Source data:
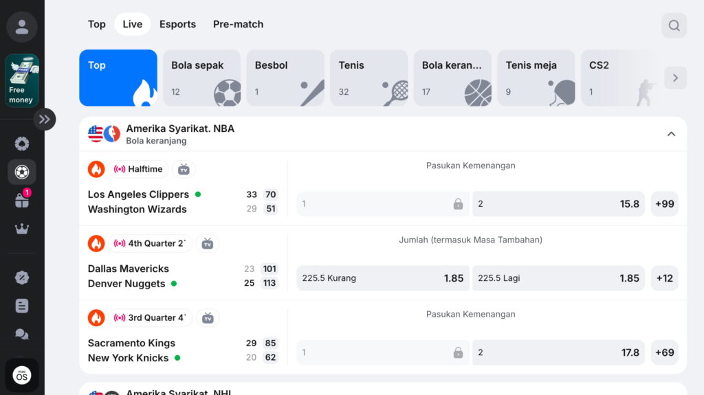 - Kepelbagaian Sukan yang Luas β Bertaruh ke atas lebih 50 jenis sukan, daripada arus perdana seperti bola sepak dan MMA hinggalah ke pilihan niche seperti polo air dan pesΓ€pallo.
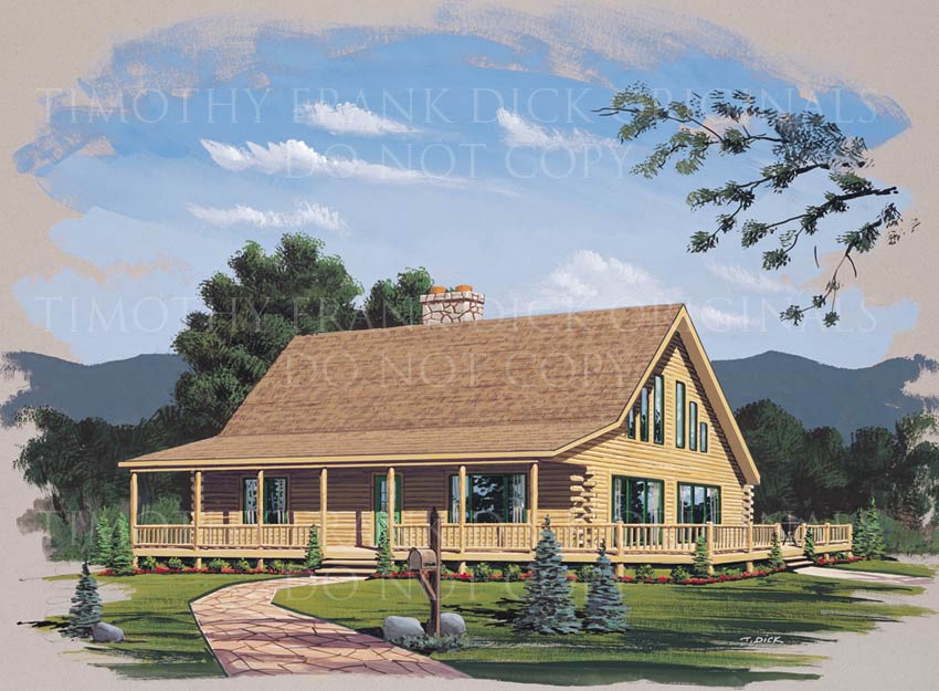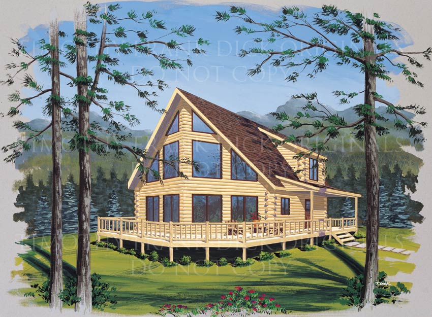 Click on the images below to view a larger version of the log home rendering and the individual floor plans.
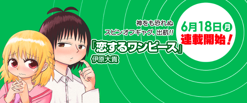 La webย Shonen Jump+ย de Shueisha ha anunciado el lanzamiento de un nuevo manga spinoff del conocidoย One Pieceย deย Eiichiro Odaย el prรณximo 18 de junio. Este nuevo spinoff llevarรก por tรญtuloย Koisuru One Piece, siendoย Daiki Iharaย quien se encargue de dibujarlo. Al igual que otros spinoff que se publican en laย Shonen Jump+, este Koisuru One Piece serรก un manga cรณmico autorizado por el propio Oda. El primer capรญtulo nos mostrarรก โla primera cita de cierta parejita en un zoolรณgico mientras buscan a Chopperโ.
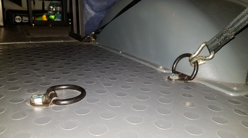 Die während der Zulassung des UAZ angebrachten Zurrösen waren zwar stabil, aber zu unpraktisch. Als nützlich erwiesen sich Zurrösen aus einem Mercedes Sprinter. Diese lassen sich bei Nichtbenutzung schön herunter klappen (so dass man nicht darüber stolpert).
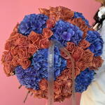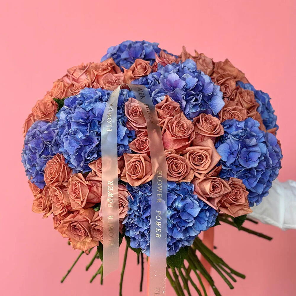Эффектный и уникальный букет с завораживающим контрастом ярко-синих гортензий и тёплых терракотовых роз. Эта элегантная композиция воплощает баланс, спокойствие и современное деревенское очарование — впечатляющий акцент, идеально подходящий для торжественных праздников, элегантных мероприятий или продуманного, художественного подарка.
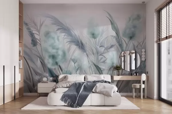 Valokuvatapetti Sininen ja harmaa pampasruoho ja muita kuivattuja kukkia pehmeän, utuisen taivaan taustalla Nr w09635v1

- **About this task**
Give the data again exactly as it appears, but without any images.

- **Written response**
 - Kepelbagaian Sukan yang Luas β Bertaruh ke atas lebih 50 jenis sukan, daripada arus perdana seperti bola sepak dan MMA hinggalah ke pilihan niche seperti polo air dan pesΓ€pallo.
 Click on the images below to view a larger version of the log home rendering and the individual floor plans.
 La webย Shonen Jump+ย de Shueisha ha anunciado el lanzamiento de un nuevo manga spinoff del conocidoย One Pieceย deย Eiichiro Odaย el prรณximo 18 de junio. Este nuevo spinoff llevarรก por tรญtuloย Koisuru One Piece, siendoย Daiki Iharaย quien se encargue de dibujarlo. Al igual que otros spinoff que se publican en laย Shonen Jump+, este Koisuru One Piece serรก un manga cรณmico autorizado por el propio Oda. El primer capรญtulo nos mostrarรก โla primera cita de cierta parejita en un zoolรณgico mientras buscan a Chopperโ.
 Die während der Zulassung des UAZ angebrachten Zurrösen waren zwar stabil, aber zu unpraktisch. Als nützlich erwiesen sich Zurrösen aus einem Mercedes Sprinter. Diese lassen sich bei Nichtbenutzung schön herunter klappen (so dass man nicht darüber stolpert).
Эффектный и уникальный букет с завораживающим контрастом ярко-синих гортензий и тёплых терракотовых роз. Эта элегантная композиция воплощает баланс, спокойствие и современное деревенское очарование — впечатляющий акцент, идеально подходящий для торжественных праздников, элегантных мероприятий или продуманного, художественного подарка.
 Valokuvatapetti Sininen ja harmaa pampasruoho ja muita kuivattuja kukkia pehmeän, utuisen taivaan taustalla Nr w09635v1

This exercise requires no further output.